## Task goal
Your answer must be an exact copy of the lines below, from the first through the one with "記者查閱上海易居房地產研究院", with no pictures.

## Dataset excerpt
+ + +

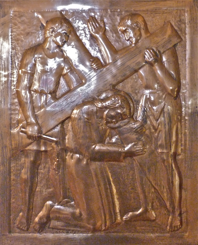 Station 7 Published 07/03/2013 at 826 × 1024 in Station 7 Jésus tombe pour la deuxième fois cuivre travaillé sur 2 faces, 50×60 cm
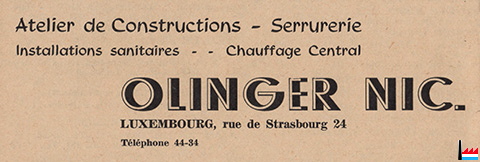 | <=1948/49 | Atelier de constructions - Serrurerie Olinger Nicolas - 1948/49 24, rue de Strasbourg Luxembourg-Gare |
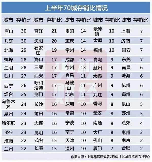 記者查閱上海易居房地產研究院提供的7月份《70城住宅庫存報告》發現,上述城市中部分城市住宅庫存並不低。按照上半年市場消化速度,烏魯木齊、哈爾濱庫存分別可賣24月、23個月。而市場一般認為較為合理的情況是14個月左右。
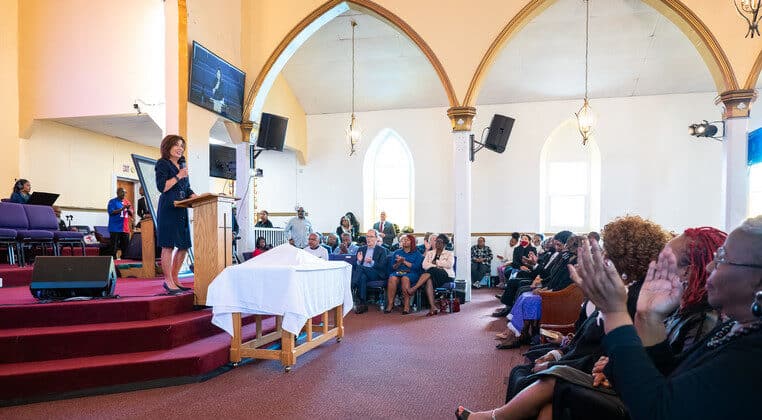 Bishop Darius Pridgen, who leads True Bethel Baptist Church and introduced Hochul at the service, strongly defended the governor against criticism. Pridgen, a former Buffalo Common Council president, argued that critics misunderstood the context of her remarks.

+ + +

## The completed task
 Station 7 Published 07/03/2013 at 826 × 1024 in Station 7 Jésus tombe pour la deuxième fois cuivre travaillé sur 2 faces, 50×60 cm
 | <=1948/49 | Atelier de constructions - Serrurerie Olinger Nicolas - 1948/49 24, rue de Strasbourg Luxembourg-Gare |
 記者查閱上海易居房地產研究院提供的7月份《70城住宅庫存報告》發現,上述城市中部分城市住宅庫存並不低。按照上半年市場消化速度,烏魯木齊、哈爾濱庫存分別可賣24月、23個月。而市場一般認為較為合理的情況是14個月左右。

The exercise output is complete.